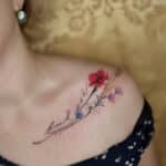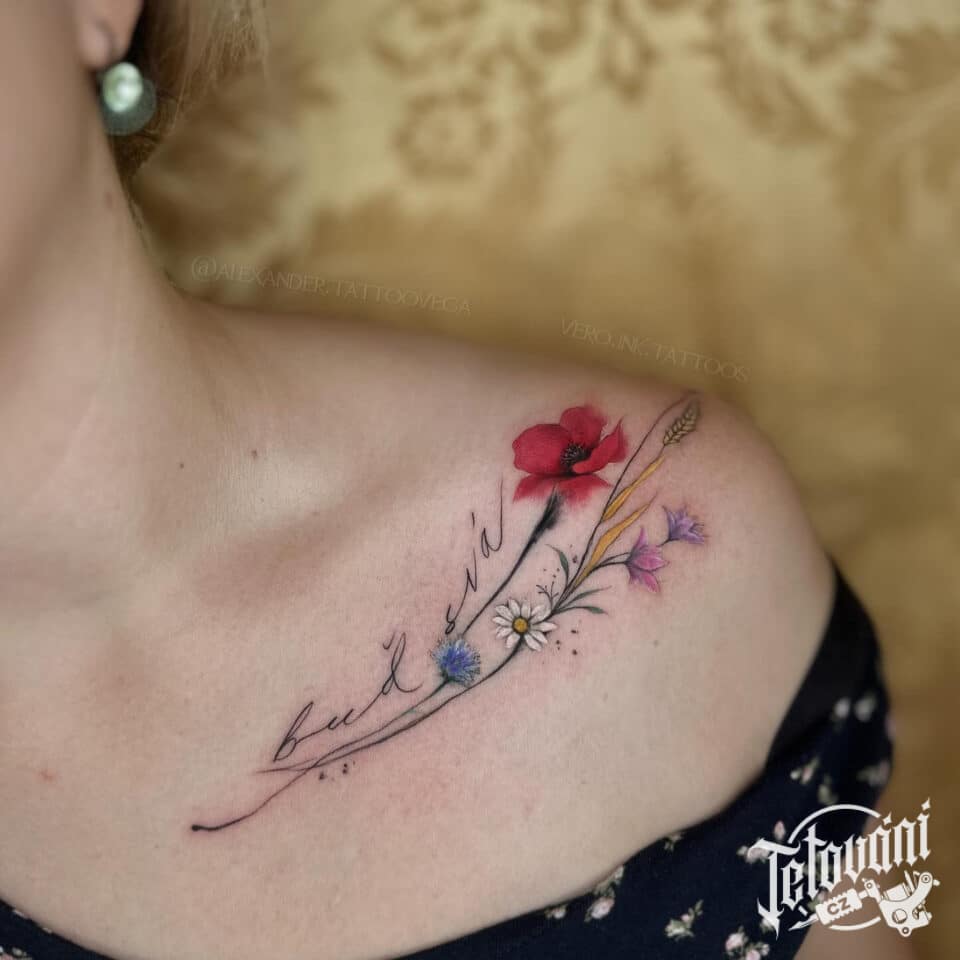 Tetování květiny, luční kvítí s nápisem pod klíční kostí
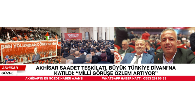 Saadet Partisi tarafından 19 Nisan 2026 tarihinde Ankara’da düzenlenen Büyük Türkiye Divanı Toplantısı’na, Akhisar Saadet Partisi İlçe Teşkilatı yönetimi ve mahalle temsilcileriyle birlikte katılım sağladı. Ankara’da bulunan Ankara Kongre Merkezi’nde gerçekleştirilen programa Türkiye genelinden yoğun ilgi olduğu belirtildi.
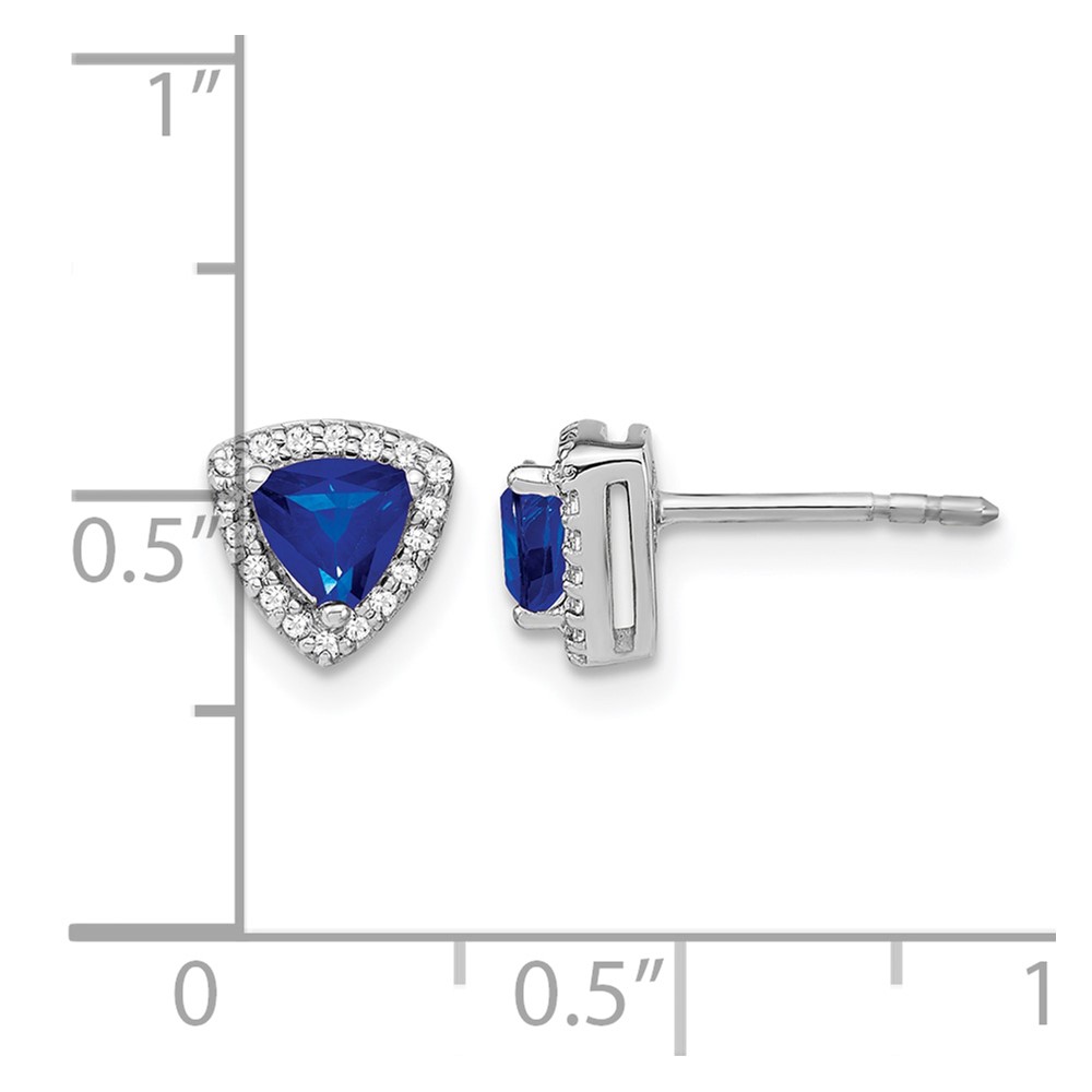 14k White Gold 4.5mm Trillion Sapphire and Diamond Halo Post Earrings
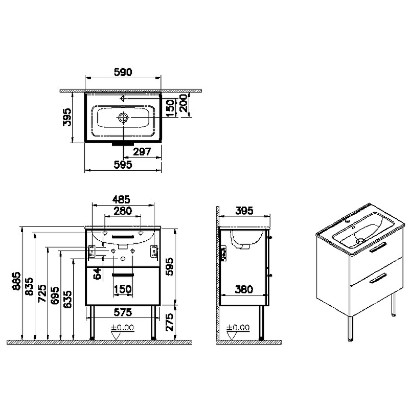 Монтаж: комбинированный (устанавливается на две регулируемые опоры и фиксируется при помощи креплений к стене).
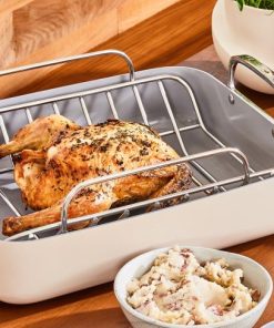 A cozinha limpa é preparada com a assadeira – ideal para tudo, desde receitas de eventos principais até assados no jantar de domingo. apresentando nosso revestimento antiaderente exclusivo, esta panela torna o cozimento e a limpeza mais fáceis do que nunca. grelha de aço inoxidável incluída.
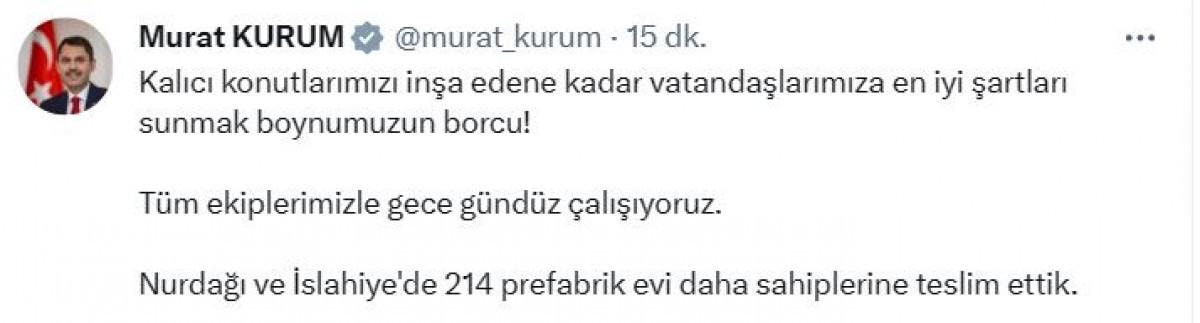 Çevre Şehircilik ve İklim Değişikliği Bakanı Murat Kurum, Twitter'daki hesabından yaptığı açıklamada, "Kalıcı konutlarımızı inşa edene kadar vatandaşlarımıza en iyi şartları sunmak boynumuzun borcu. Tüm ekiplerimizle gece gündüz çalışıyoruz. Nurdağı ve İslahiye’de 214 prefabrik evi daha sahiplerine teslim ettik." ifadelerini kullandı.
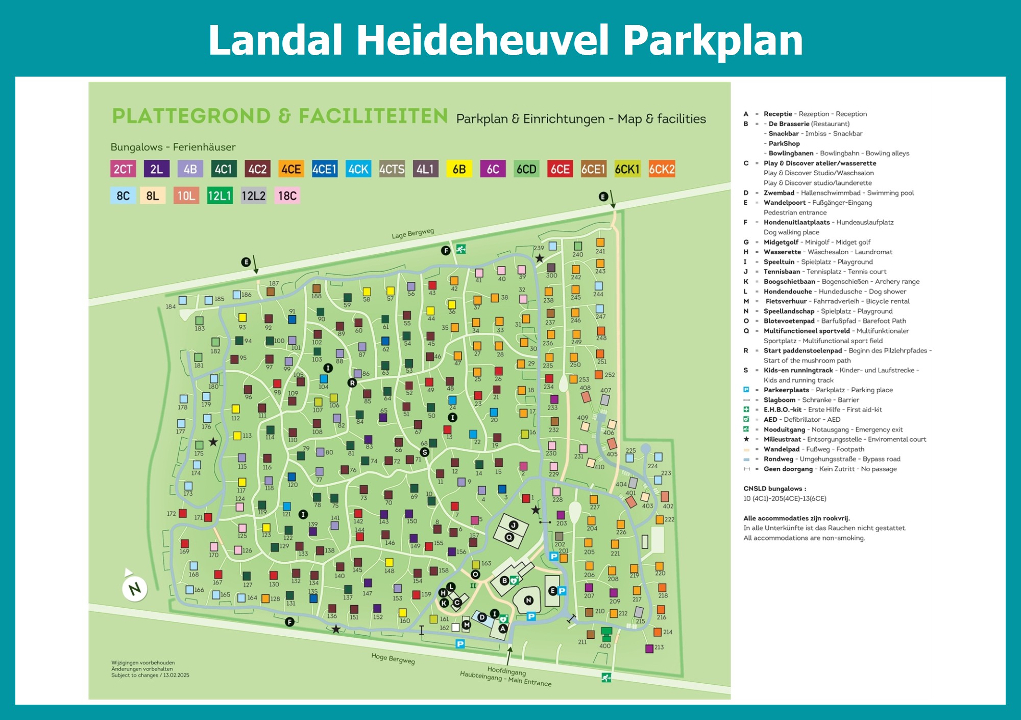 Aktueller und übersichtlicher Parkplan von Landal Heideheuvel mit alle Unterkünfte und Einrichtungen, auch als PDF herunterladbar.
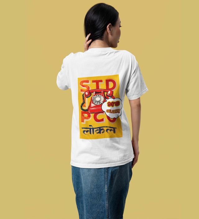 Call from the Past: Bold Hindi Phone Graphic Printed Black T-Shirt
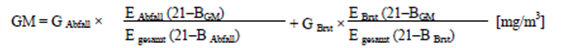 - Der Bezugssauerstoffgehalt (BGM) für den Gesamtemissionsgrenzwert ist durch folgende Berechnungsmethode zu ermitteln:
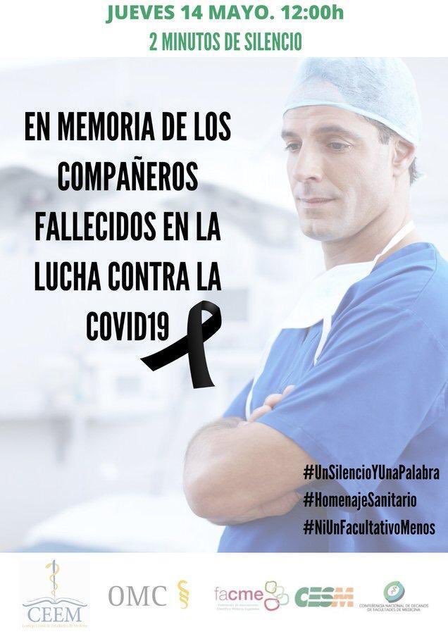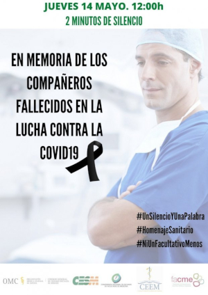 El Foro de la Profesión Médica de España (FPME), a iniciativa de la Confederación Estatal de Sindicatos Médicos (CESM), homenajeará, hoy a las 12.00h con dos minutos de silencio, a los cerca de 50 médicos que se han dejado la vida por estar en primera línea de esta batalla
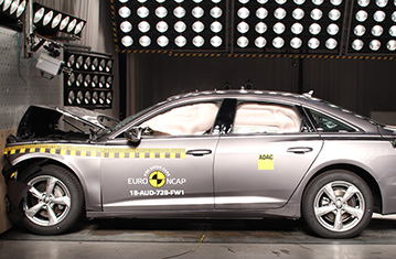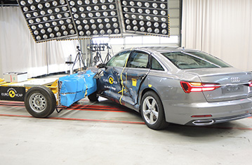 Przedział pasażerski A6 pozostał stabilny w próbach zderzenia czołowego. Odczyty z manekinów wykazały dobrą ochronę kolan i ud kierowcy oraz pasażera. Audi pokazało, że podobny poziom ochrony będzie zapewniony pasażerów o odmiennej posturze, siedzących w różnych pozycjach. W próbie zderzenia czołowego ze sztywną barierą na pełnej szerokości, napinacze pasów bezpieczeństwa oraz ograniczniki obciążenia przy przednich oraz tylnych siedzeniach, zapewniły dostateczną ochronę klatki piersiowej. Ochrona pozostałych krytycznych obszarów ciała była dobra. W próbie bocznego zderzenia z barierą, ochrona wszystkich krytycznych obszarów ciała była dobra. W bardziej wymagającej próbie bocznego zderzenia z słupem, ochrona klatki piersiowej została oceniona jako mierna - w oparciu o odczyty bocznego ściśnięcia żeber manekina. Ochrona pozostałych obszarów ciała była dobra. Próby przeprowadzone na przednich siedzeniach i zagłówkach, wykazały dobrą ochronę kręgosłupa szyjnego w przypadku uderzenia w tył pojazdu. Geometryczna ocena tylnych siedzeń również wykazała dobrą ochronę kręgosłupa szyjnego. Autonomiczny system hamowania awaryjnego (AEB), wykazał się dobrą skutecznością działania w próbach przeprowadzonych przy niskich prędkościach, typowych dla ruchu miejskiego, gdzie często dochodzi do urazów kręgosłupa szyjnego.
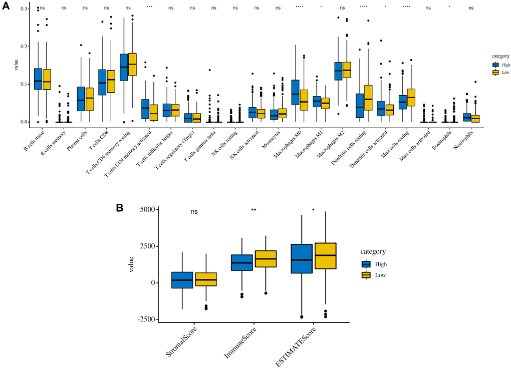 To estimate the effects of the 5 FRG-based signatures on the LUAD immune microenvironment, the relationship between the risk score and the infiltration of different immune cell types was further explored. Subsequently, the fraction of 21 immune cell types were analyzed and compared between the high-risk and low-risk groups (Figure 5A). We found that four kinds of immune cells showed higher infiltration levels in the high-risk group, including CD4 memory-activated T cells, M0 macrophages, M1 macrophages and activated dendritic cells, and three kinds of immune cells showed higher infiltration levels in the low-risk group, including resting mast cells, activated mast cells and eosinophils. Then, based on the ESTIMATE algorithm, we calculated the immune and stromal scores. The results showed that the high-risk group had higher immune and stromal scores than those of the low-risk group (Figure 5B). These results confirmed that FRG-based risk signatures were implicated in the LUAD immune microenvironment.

◆ **Work instructions**
The lines to copy exactly start with the line above that has "A cozinha limpa" and go on through the line that has "El Foro de la"; please include both, add nothing else, and omit the pictures.

◆ **Result of the exercise**
 A cozinha limpa é preparada com a assadeira – ideal para tudo, desde receitas de eventos principais até assados no jantar de domingo. apresentando nosso revestimento antiaderente exclusivo, esta panela torna o cozimento e a limpeza mais fáceis do que nunca. grelha de aço inoxidável incluída.
 Çevre Şehircilik ve İklim Değişikliği Bakanı Murat Kurum, Twitter'daki hesabından yaptığı açıklamada, "Kalıcı konutlarımızı inşa edene kadar vatandaşlarımıza en iyi şartları sunmak boynumuzun borcu. Tüm ekiplerimizle gece gündüz çalışıyoruz. Nurdağı ve İslahiye’de 214 prefabrik evi daha sahiplerine teslim ettik." ifadelerini kullandı.
 Aktueller und übersichtlicher Parkplan von Landal Heideheuvel mit alle Unterkünfte und Einrichtungen, auch als PDF herunterladbar.
 Call from the Past: Bold Hindi Phone Graphic Printed Black T-Shirt
 - Der Bezugssauerstoffgehalt (BGM) für den Gesamtemissionsgrenzwert ist durch folgende Berechnungsmethode zu ermitteln:
 El Foro de la Profesión Médica de España (FPME), a iniciativa de la Confederación Estatal de Sindicatos Médicos (CESM), homenajeará, hoy a las 12.00h con dos minutos de silencio, a los cerca de 50 médicos que se han dejado la vida por estar en primera línea de esta batalla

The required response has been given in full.